Proxmox Cluster Network Design: Corosync, Migration, Storage, and Management

A Proxmox cluster where all services run over a single network works — until it does not. The moment a Ceph rebalance saturates the bandwidth, live migrations stall, and Corosync loses its heartbeat, the entire cluster goes down. Professional network design separates the different traffic types and prevents exactly these scenarios.
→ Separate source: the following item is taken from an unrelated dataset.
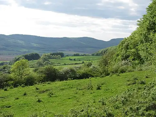 Blick entlang des Südhangs des Thüster Berges im NSG; im Hintergrund der Ith | ||

The Four Traffic Types in a Proxmox Cluster

Every Proxmox cluster produces four fundamentally different types of network traffic:

Traffic Type	Characteristics	Requirements
Corosync	Small packets, extremely latency-sensitive	< 2 ms RTT, dedicated network
Migration	Burst traffic, high bandwidth	10 Gbit/s+, must not impact other networks
Storage	Constant throughput, IOPS-sensitive	10–25 Gbit/s, Jumbo Frames
Management	Low volume, but critical	Reachability, security

The golden rule: Corosync traffic must never compete with storage or migration traffic. A delayed heartbeat leads to a fencing event — and consequently unwanted VM restarts.

Corosync Ring: The Cluster’s Nervous System

Corosync is the cluster communication protocol that monitors the state of all nodes. It regularly sends heartbeat packets and expects responses within tight time windows.

Dedicated Corosync Network

For Corosync, a simple Layer 2 network without routers or firewalls is sufficient:

# /etc/network/interfaces — Corosync interface
auto ens18f1
iface ens18f1 inet static
    address 10.10.10.1/24
    mtu 1500

On additional nodes, configure analogously with 10.10.10.2/24 and 10.10.10.3/24. Use a separate physical interface or a dedicated VLAN.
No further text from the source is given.